Raw data:

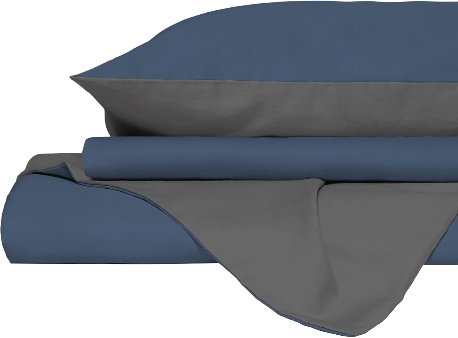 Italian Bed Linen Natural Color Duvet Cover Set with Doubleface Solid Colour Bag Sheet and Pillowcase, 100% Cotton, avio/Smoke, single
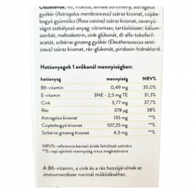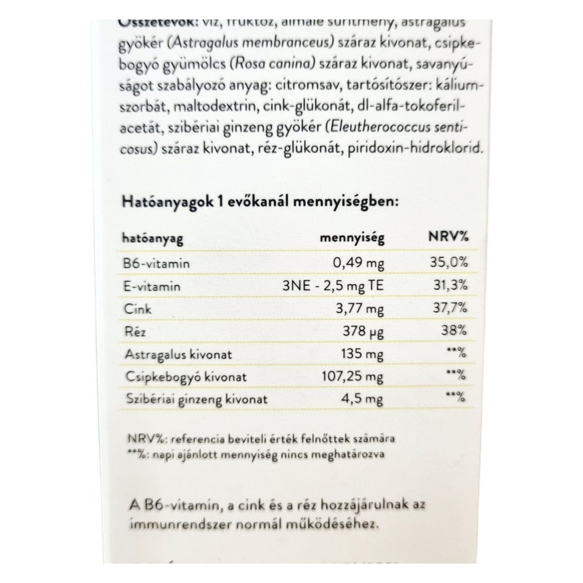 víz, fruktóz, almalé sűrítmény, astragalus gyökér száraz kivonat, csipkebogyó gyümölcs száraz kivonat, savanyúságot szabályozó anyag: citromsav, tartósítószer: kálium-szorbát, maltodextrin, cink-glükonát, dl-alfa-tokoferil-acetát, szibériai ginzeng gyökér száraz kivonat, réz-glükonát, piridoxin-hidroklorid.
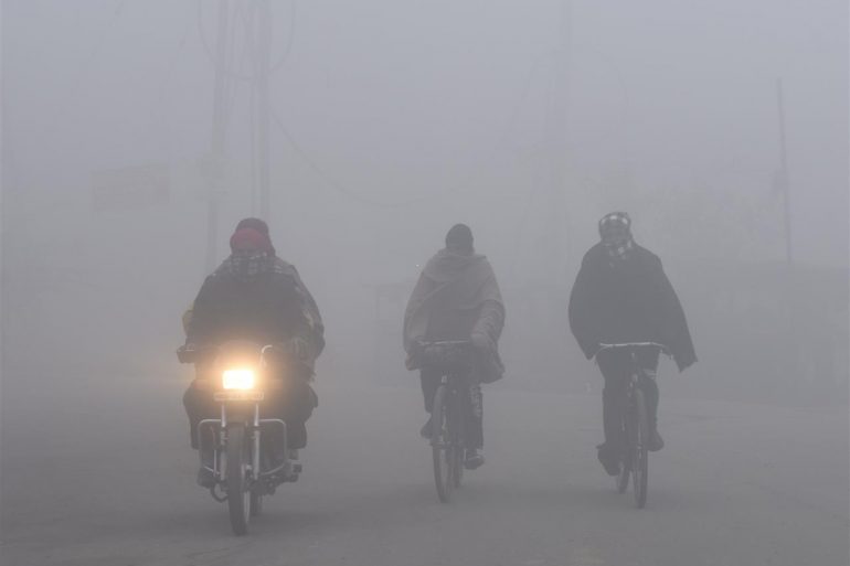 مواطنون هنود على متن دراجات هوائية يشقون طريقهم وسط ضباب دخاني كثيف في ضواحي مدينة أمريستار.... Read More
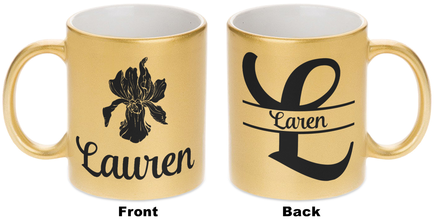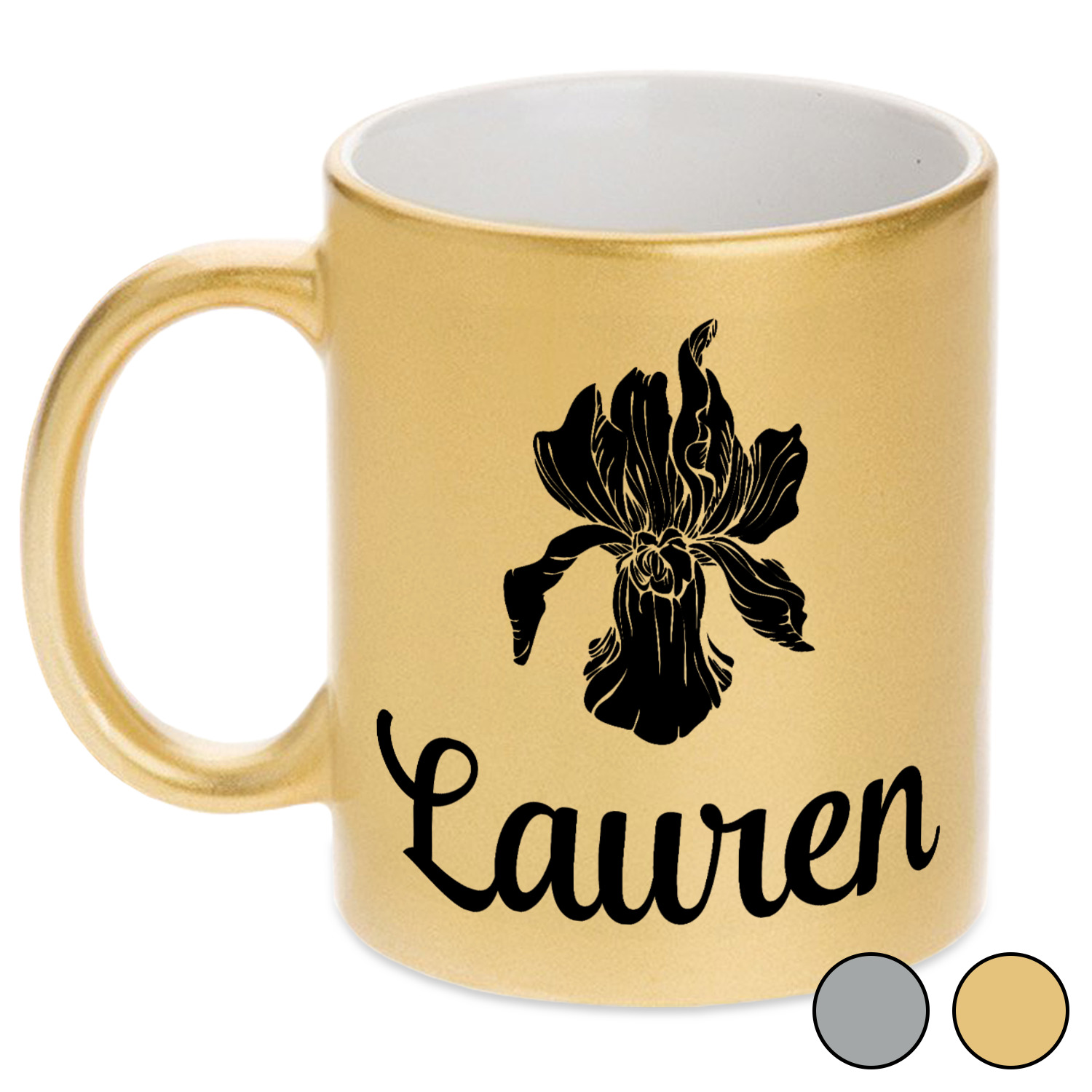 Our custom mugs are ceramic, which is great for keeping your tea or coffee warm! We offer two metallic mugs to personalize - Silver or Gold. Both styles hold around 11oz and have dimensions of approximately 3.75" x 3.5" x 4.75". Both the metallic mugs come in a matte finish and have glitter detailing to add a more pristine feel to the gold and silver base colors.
---
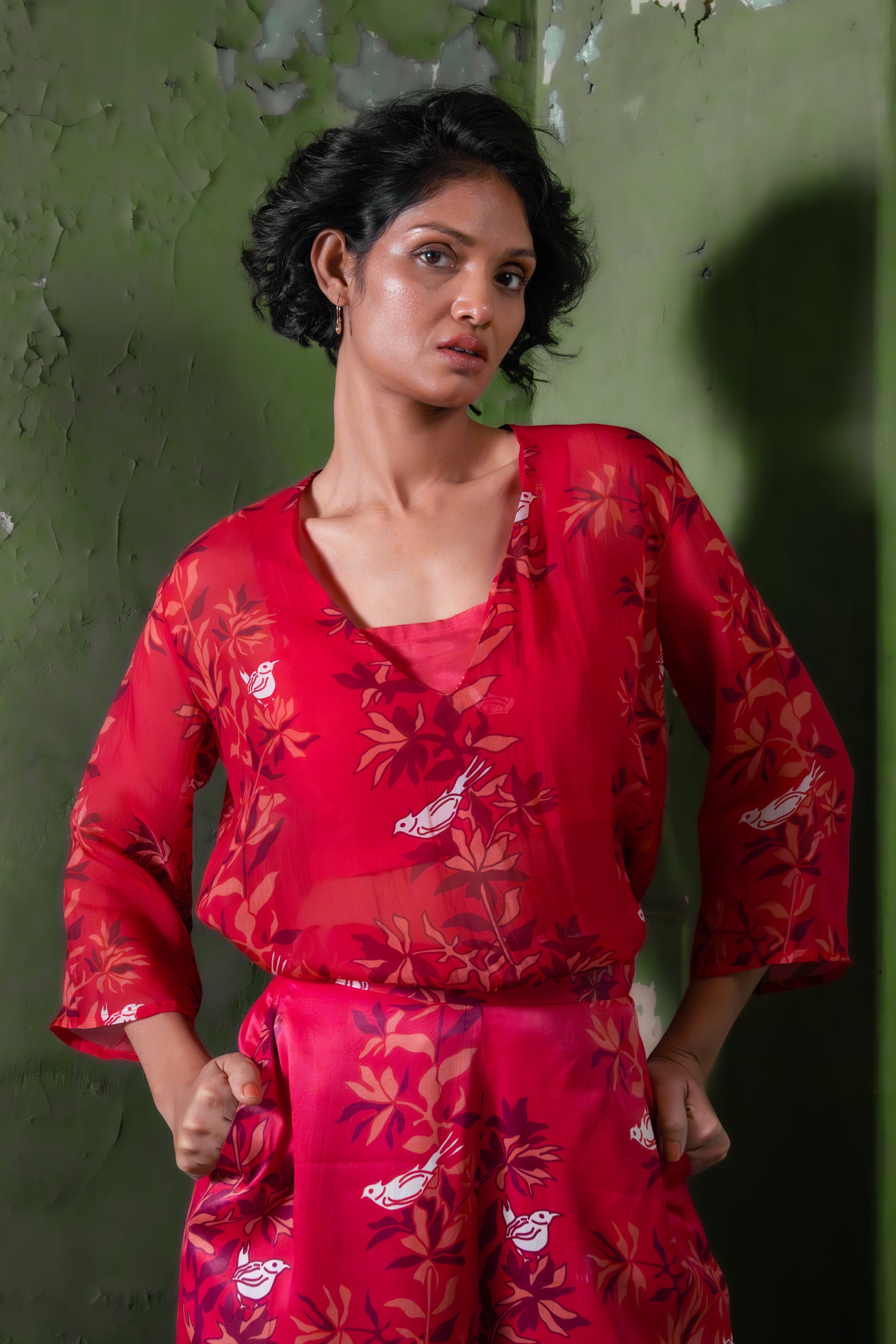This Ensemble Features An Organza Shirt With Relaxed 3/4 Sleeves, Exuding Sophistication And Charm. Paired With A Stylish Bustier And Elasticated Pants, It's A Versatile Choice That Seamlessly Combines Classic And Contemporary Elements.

What the task asks:
Taking the records above, print only and exactly the lines from the line with "Italian Bed Linen" to the line with "Our custom mugs", both kept, and exclude pictures.

Exercise solution:
 Italian Bed Linen Natural Color Duvet Cover Set with Doubleface Solid Colour Bag Sheet and Pillowcase, 100% Cotton, avio/Smoke, single
 víz, fruktóz, almalé sűrítmény, astragalus gyökér száraz kivonat, csipkebogyó gyümölcs száraz kivonat, savanyúságot szabályozó anyag: citromsav, tartósítószer: kálium-szorbát, maltodextrin, cink-glükonát, dl-alfa-tokoferil-acetát, szibériai ginzeng gyökér száraz kivonat, réz-glükonát, piridoxin-hidroklorid.
 مواطنون هنود على متن دراجات هوائية يشقون طريقهم وسط ضباب دخاني كثيف في ضواحي مدينة أمريستار.... Read More
 Our custom mugs are ceramic, which is great for keeping your tea or coffee warm! We offer two metallic mugs to personalize - Silver or Gold. Both styles hold around 11oz and have dimensions of approximately 3.75" x 3.5" x 4.75". Both the metallic mugs come in a matte finish and have glitter detailing to add a more pristine feel to the gold and silver base colors.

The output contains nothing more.